Paper ID: | 4880 |
---|---|

Title: | Distributed $k$-Clustering for Data with Heavy Noise |

The paper describes a distributed bicriteria approximation algorithm for k-center with z outliers. It uses 24(1+eps)k centers and (1+eps)z outliers. Its communication cost does not depend on z. They show that communication cost of z is unavoidable if you insists on having only z outliers with a simple example on the line. In the suggested protocol each machine first locally aggregates its data and sends the aggregated data to a coordinator that computes the clustering using the aggregated data with a known centralized algorithm. A similar scheme is suggested for k-means and k-median that uses coresets, but the centralized computation time is exponential. The algorithms are simple. minor comments: -- line 58: what do you mean by solving the problem COMPLETELY ? -- line 59: I think you did not say that m is the number of machines -- line 199: Why is there an "s" in the equation ? -- line 294: "need output" ==> "need to output" -- Why do you need so many primes in the notation of Theorem 2.1 -- line 232: seems that w'(q) is just a definition you need and not part of the claim

Clustering large datasets with outliers is a fundamental problem. In the distributed setting, it becomes quite challenging and only recently [1,2], there has been a substantial progress on the upper and lower bounds on the approximation ratio and communication complexity. The present paper essentially resolves both questions in the case when there are a known number/fraction of outliers. This is a major advance, clearly worth acceptance to NIPS. The discussion of the related work omits [2], which it should not. In particular, the lower bound for the blackboard model is features an O(m + k) term, for m machines and k cluster, rather than O(mk) or O(mk log mk) in the upper bound by the present authors. Some table or discussion would be very welcome. There is another NIPS submission on the same problem [3]. It would be nice if the authors could comment on the relative practicality (if not present an empirical comparison).
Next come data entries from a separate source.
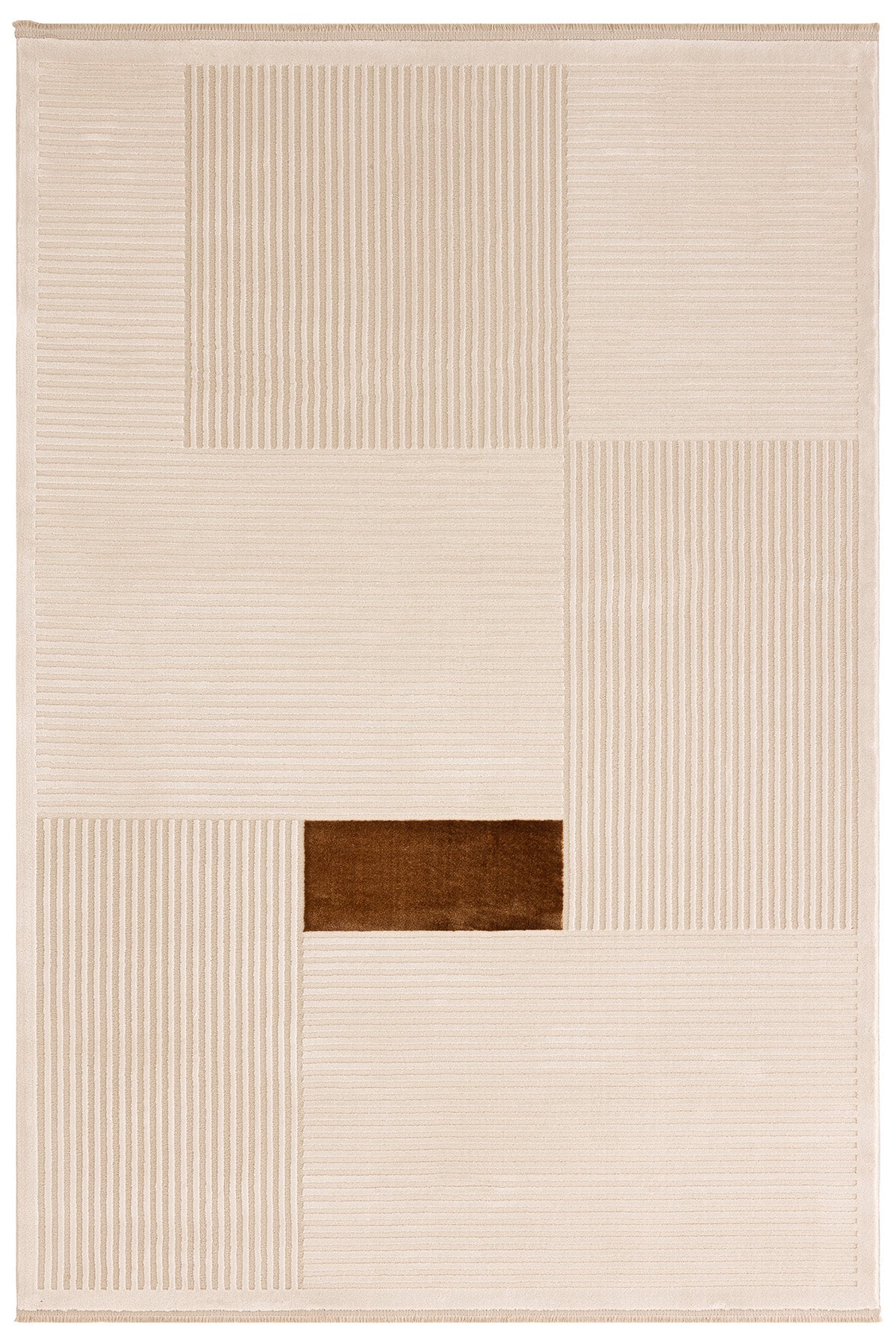 Овој геометриски дизајниран тепих од колекцијата Фарахан, создаден со хармонија на елегантните крем и цимет нијанси, ќе додаде едноставна елеганција на вашите животни простори. Изработен од мешавина на полипропилен и полиестер, тепихот нуди долготрајна употреба со својата мека текстура и издржлива структура. Со својството да не собира прашина и лесно се чисти, обезбедува естетско и практично решение за внатрешни и надворешни простори.
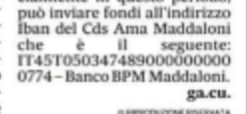 Per chi volesse effettuare donazioni di seguito trova tutti gli estremi per le coordinate bancarie.
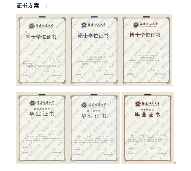 三套方案的区别在于证书底部图案的不同。第一套为旗山校区、仓山校区校门钢笔画,第二套无图案,第三套为抽象简化的旗山校区、仓山校区校门钢笔画。
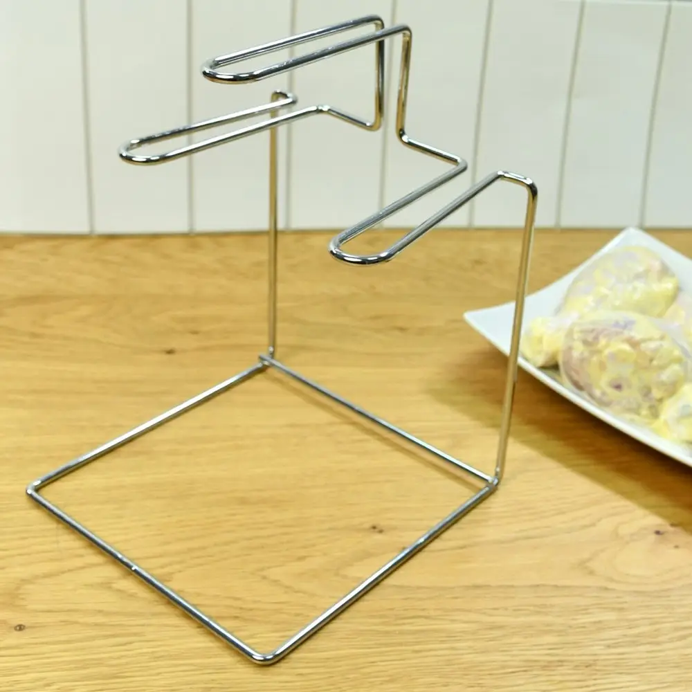 Любители вкусных куриных ножек оценят это приспособление. Теперь вам не нужно будет переживать, что мясо пригорит к сковороде или противню. Подставка для куриных ножек проста в использовании-предварительно замаринованные ножки подвесить, подставку разместить на противне и поставить в духовку. Лишний жир стечет на противень и ваше блюдо будет не только вкусным, но и полезным. Размер 15х14х20 см. Изготовлена из стальной хромированной проволоки.

UPDATED AFTER REBUTTA: I appreciate the authors promise to do the empirical comparison. [1] https://dl.acm.org/citation.cfm?id=3087568 [2] http://papers.nips.cc/paper/6560-communication-optimal-distributed-clustering [3] https://arxiv.org/abs/1805.09495

The paper describes algorithms for distributed k-center/k-median/k-means clustering. For distributed k-center, it is known that any constant approximation needs Omega(z) communication cost, where z is the number of allowed outliers. This can be avoided by using a bicriteria approximation where more than z outliers are allowed, but the cost is compared to the best solution with at most z outliers. It is known that using 2z outliers is sufficient to obtain a O(1)-approximation. The paper at hand now improves the violation with respect to the number of outliers to (1+eps)*z. The result is given for metric k-center, but works for Euclidean k-center as well (since Euclidean distances are a metric, and only O(1) is obtained anyway). For Euclidean k-median/k-means, a similar result is obtained using coresets. However, here the interpretation is a bit different, since these problems can (under no assumptions on n and d) not be (1+eps)-approximated. (This still needs to be done by the coordinator after collecting the information). Nevertheless, coresets have proven useful for plain k-median/k-means as well, so I consider this extension to be meaningful. The paper is well written and contains a helpful figure for understanding the main proof. The algorithm is elegant. The experiments have not made it into the actual paper, which I think is not so good. The experiments do look solid and compare several approaches. I hope that a long version of this paper is going to be published soon after the publication of the conference version so that this part of the paper is not lost to the reader. The one-sentence summary of it in the actual conference version is not very informative. The overall accessment probably hinges on the question how important the improvement from 2z to (1+eps)z is. - The sentence on [5] in line 114 should have k-median in it and not k-center. - To the conclusion: It seems unlikely that the problem can be solved within a 1+eps factor on the coreset for k-median/k-means, since the problems are even APX-hard without the outlier part. Edit after rebuttal: Since I cannot pinpoint an exact minus point for this paper and the result is interesting, I've update my score to accept.